■ **TASK**
What is wanted is the full listing, word for word, without its pictures.

■ **PROVIDED RECORDS**
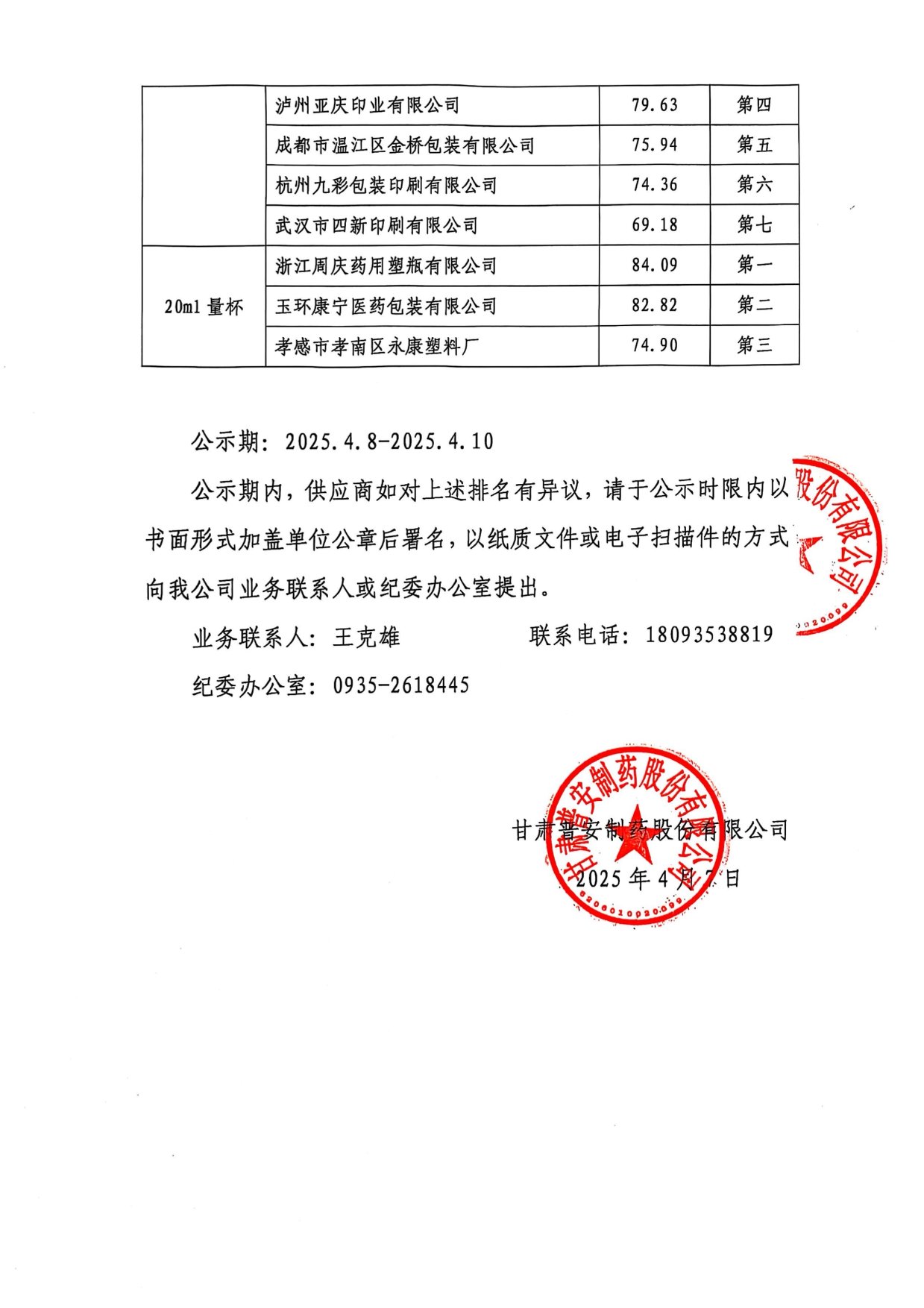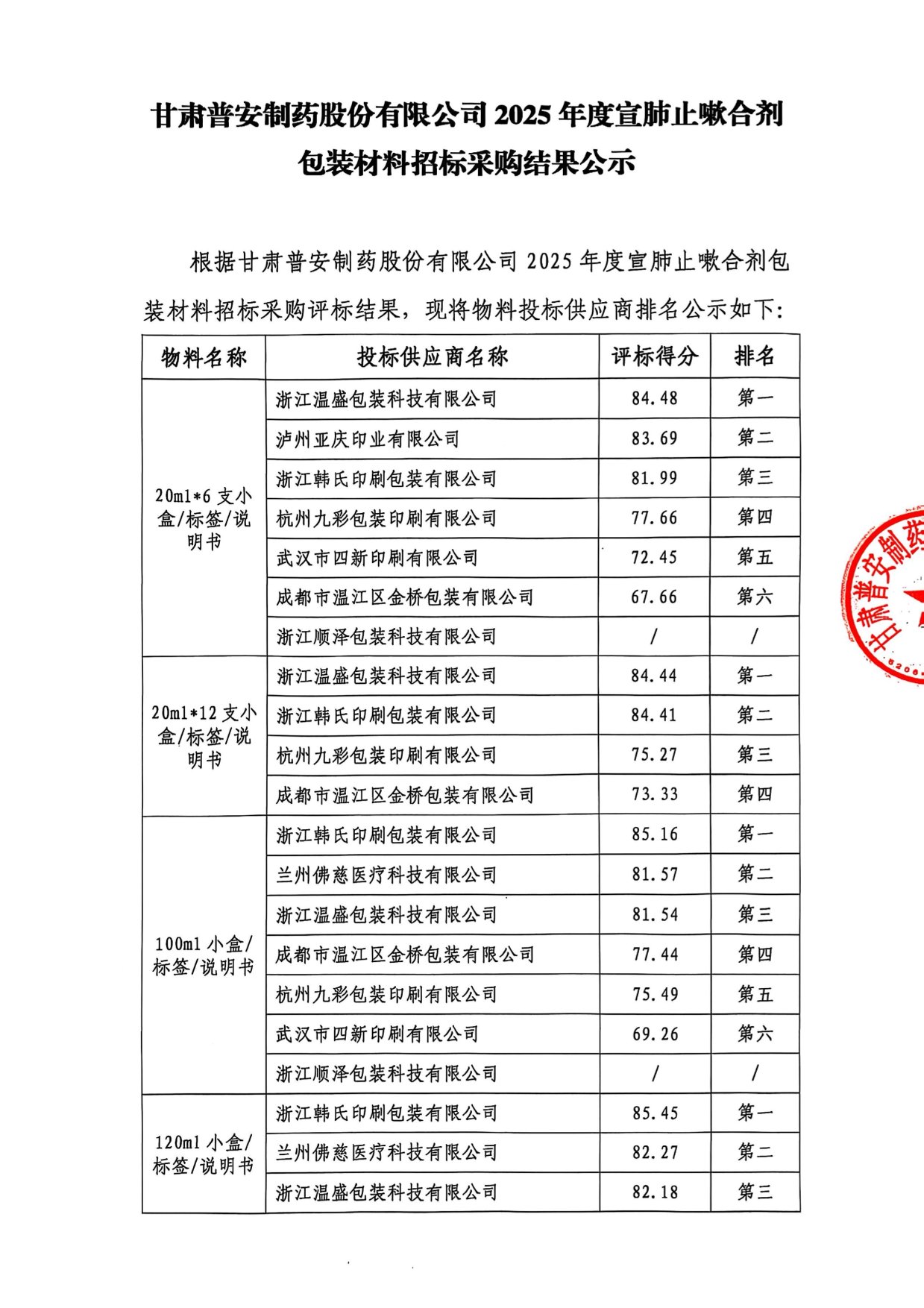 甘肅普安制藥股份有限公司2025年宣肺止嗽合劑包裝材料招標(biāo)采購結(jié)果公示
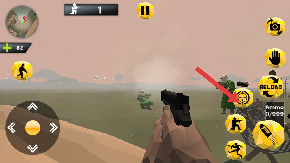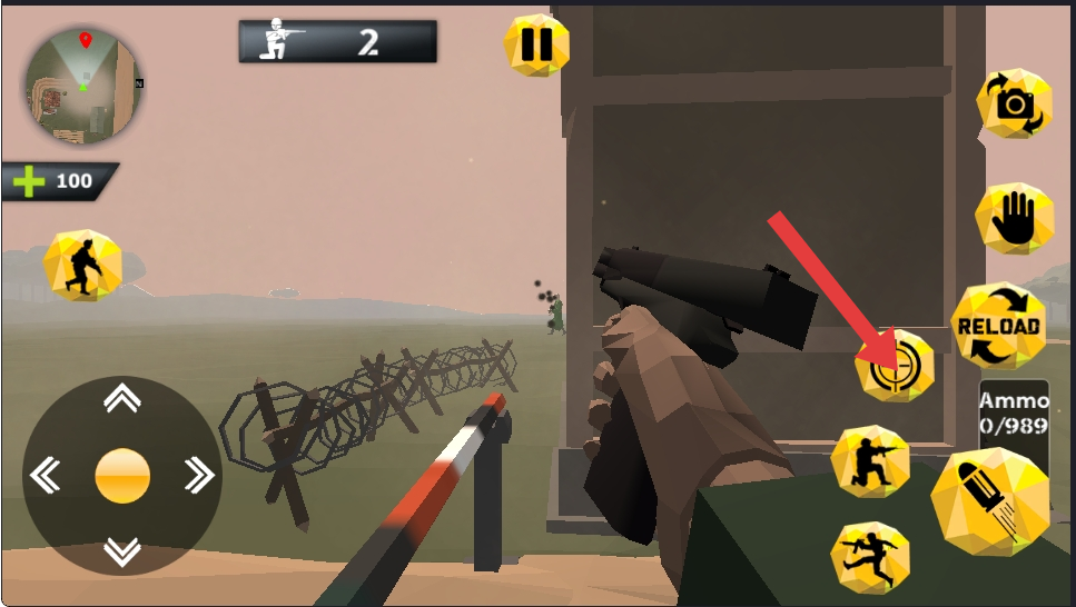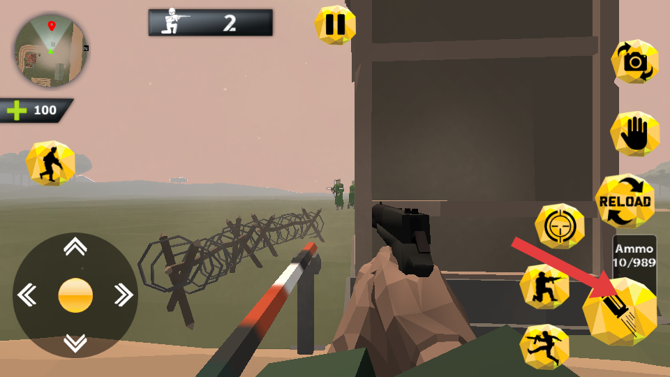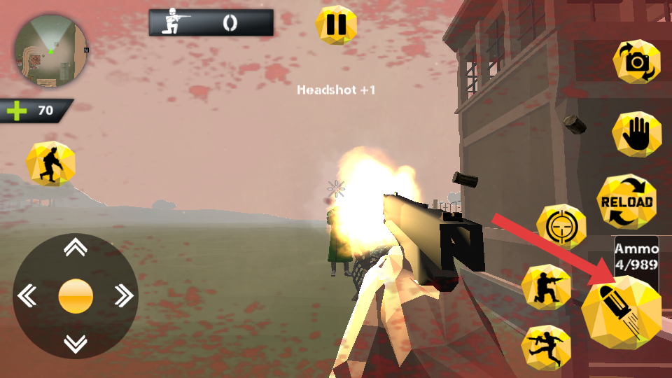 2、关注弹药量,界面显示RELOAD时,及时点击按钮换弹,在交火中因弹药不足陷入被动,同时留意生命值,寻找安全区域恢复。
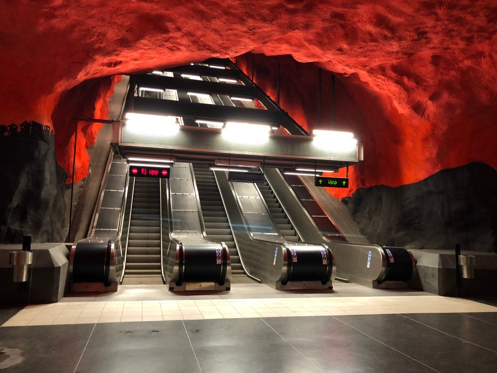 Las más bonitas e interesantes son la T- Centralen con pinturas de doce artistas, la Kungsträdgarden de la linea azul con esculturas, la Solna Centrum de color rojo intenso, La Stadion de la linea roja con señales de colores y un gran arco iris, la Tekniska högskolan de la linea roja con los cuatro elementos y la estación de Rådhuset que simula una cueva, con una gigantesca columna que parece soporte de toda la estación.
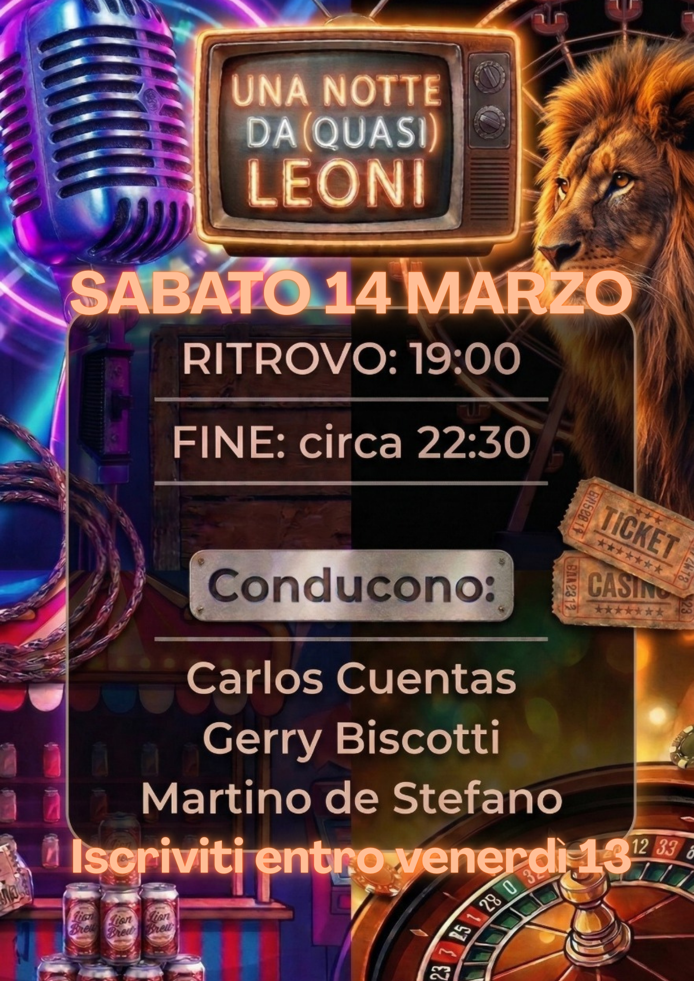 dalle 19.30 alle 22.30 per una serata all'insegna della fraternità e del divertimento.
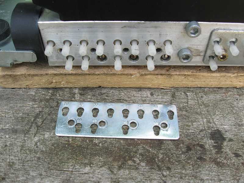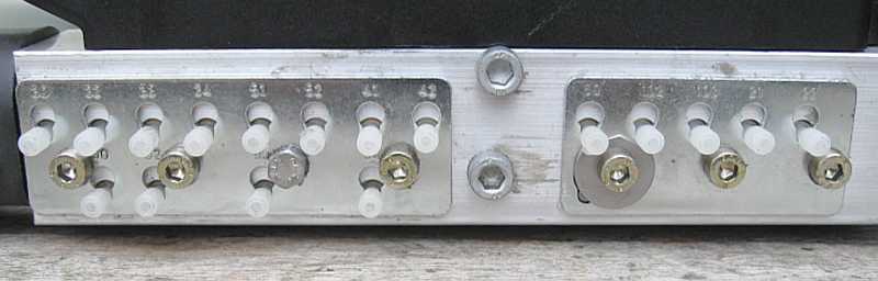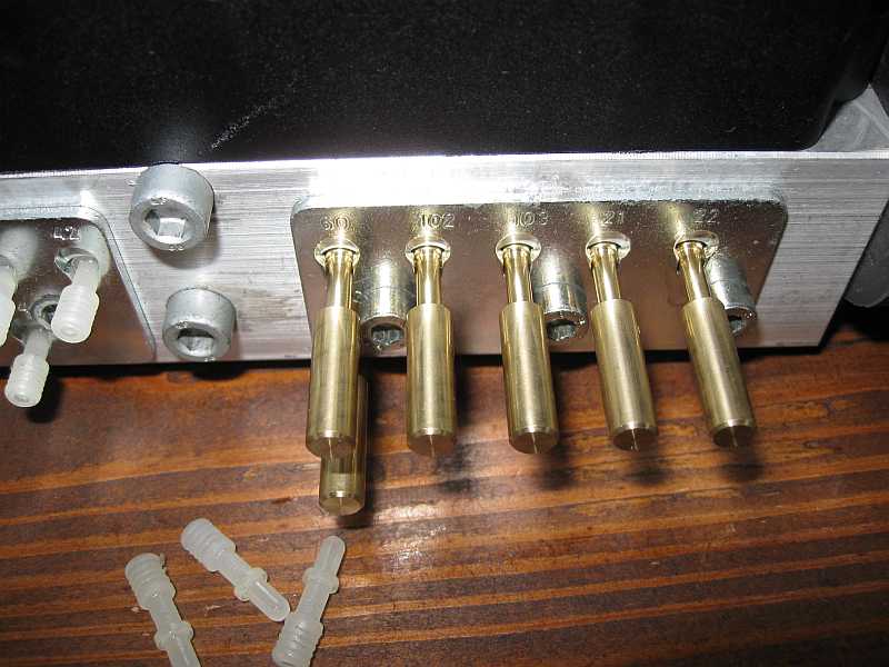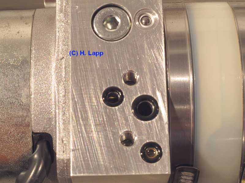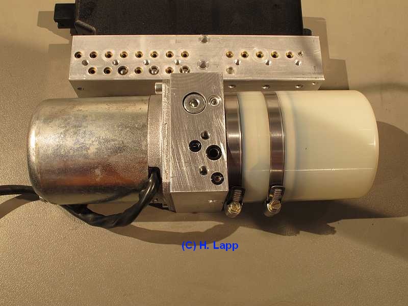 Sieben Schrauben M5 x 8 (2,5 Nm) halten die beiden Verschlussbleche. Verschlussstopfen aus Kunststoff (nicht druckfest) verhindern das Eindringen von Schmutz. siehe Hydraulikeinheit aus-, einbauen: AR77.37-P-3500R) und sl55amg-uerb1.htm#b3 Die Leitung Nr. 100 ist für Drucktestmessungen mit einem 3,2 mm Metallstöpsel verschlossen, der von einer Beilagscheibe gehalten wird. So kann man die Pumpe auf dem Labortisch laufen lassen, wenn die Magnetventile dicht sind. Besser sind die Messingstopfen. |
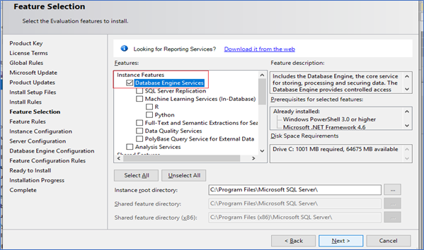 Step 8: Click Next > Select Database Engine Component (For OLTP: LIVE, Real-time Data) > Next
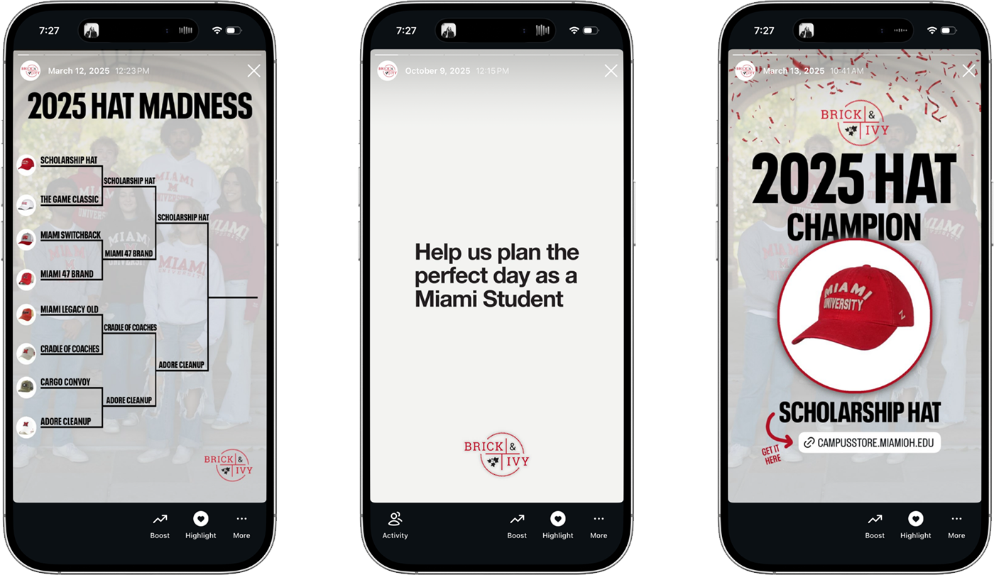 I focused on two things: consistency and authenticity. Every piece of content was designed to connect Brick & Ivy's products to real moments in student life — not just display them. I introduced interactive content formats to deepen audience engagement, including a March Madness-style hat bracket and a poll-driven "Help Us Plan the Perfect Day" Story series that let followers shape the narrative directly.

■ **REPLY TO THE EXERCISE**
 甘肅普安制藥股份有限公司2025年宣肺止嗽合劑包裝材料招標(biāo)采購結(jié)果公示
 2、关注弹药量,界面显示RELOAD时,及时点击按钮换弹,在交火中因弹药不足陷入被动,同时留意生命值,寻找安全区域恢复。
 Las más bonitas e interesantes son la T- Centralen con pinturas de doce artistas, la Kungsträdgarden de la linea azul con esculturas, la Solna Centrum de color rojo intenso, La Stadion de la linea roja con señales de colores y un gran arco iris, la Tekniska högskolan de la linea roja con los cuatro elementos y la estación de Rådhuset que simula una cueva, con una gigantesca columna que parece soporte de toda la estación.
 dalle 19.30 alle 22.30 per una serata all'insegna della fraternità e del divertimento.
 Sieben Schrauben M5 x 8 (2,5 Nm) halten die beiden Verschlussbleche. Verschlussstopfen aus Kunststoff (nicht druckfest) verhindern das Eindringen von Schmutz. siehe Hydraulikeinheit aus-, einbauen: AR77.37-P-3500R) und sl55amg-uerb1.htm#b3 Die Leitung Nr. 100 ist für Drucktestmessungen mit einem 3,2 mm Metallstöpsel verschlossen, der von einer Beilagscheibe gehalten wird. So kann man die Pumpe auf dem Labortisch laufen lassen, wenn die Magnetventile dicht sind. Besser sind die Messingstopfen. |
 Step 8: Click Next > Select Database Engine Component (For OLTP: LIVE, Real-time Data) > Next
 I focused on two things: consistency and authenticity. Every piece of content was designed to connect Brick & Ivy's products to real moments in student life — not just display them. I introduced interactive content formats to deepen audience engagement, including a March Madness-style hat bracket and a poll-driven "Help Us Plan the Perfect Day" Story series that let followers shape the narrative directly.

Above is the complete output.